To quantify the differences between an overheat- and an overcharge-induced thermal runaway scenario, experiments first were conducted with isolated battery packs in a laboratory. Experiments then were conducted for complete e-scooters in a laboratory and inside of a purpose-built, single-family residential home test prop based on the battery pack experiments. The failure scenario that resulted in the more severe response would be examined in these additional experiments.
For all of the experiments, the Li-ion batteries were initially at 100 percent state of charge from the charger that was supplied by the manufacturer.
Free-burn battery failure
In conjunction with both free-burn battery pack experiments, the pack was placed under an oxygen consumption calorimeter to measure the energy release.
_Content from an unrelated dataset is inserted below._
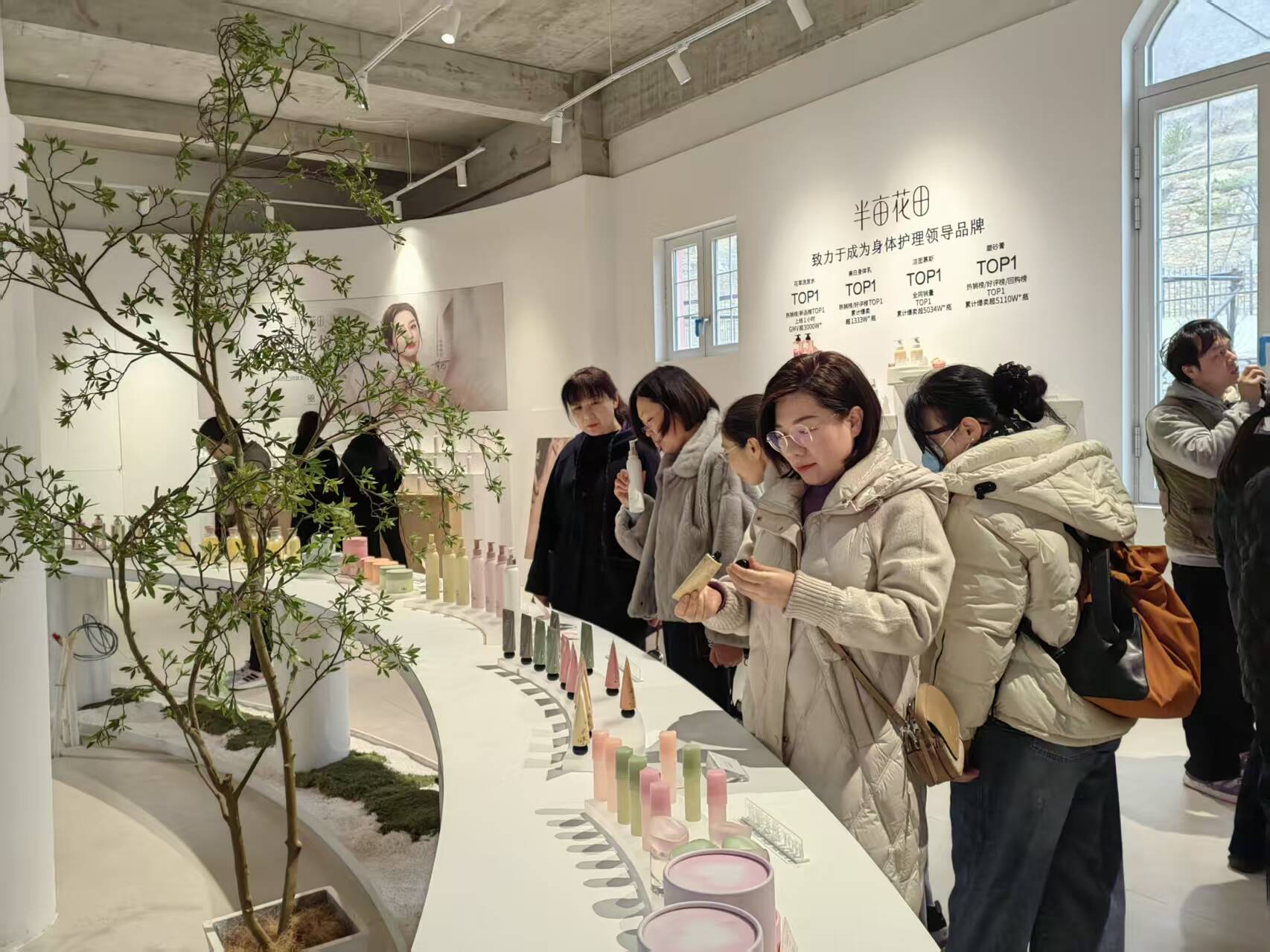 早春的高庄,寒意未消,半亩花田基地内却已春意盎然。在基地负责人带领下,大家沿着观光步道缓步前行,详细了解基地从传统农业向农旅融合转型的创业历程,聆听半亩花田化妆品萃取、制作过程,实地体验半亩花田各类化妆品。大家漫步花田小道,在春日美景中放松身心、交流心得,女职工们三三两两,或蹲身观察花卉长势,或与腊梅合影留住美丽的自己,或举起手机记录乡村新貌,在春日花海中感受乡村振兴与生态建设成果,凝聚奋进前行力量。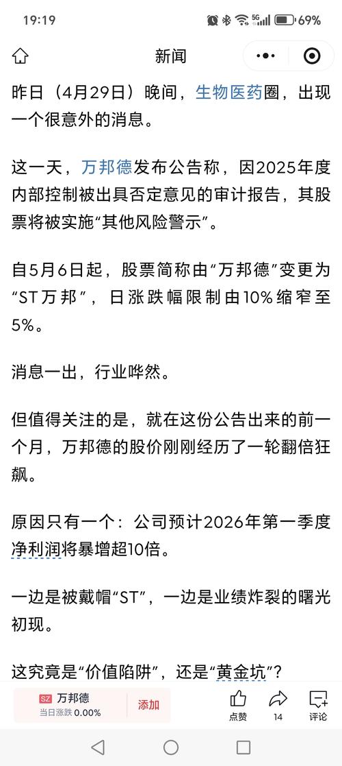 $万邦德(SZ002082)$今晚偶见要被ST了,惊讶。前段时间涨那么好,我7块的本在30块就出了,几天不见竟然这样了,感谢主力的拉伸,也期待着拨云见云时。

For the overheating experiment, thermal runaway of the battery pack was identified 45 minutes after the start of heat application. There was complete propagation of thermal runaway in the battery pack with peak estimated vertical flame extension of 3–4 feet over a two-minute duration. The peak heat release rate (HRR) was measured at approximately 400 kW.For the overcharging experiment, there also was complete propagation of thermal runaway in the battery pack. Thermal runaway was identified 65 minutes after the start of overcharging. Propagation of thermal runaway lasted for one minute, and flames extended 6–7 feet above the battery pack. The overcharge failure resulted in a higher measured peak HRR of approximately 1,600 kW (1.6 MW).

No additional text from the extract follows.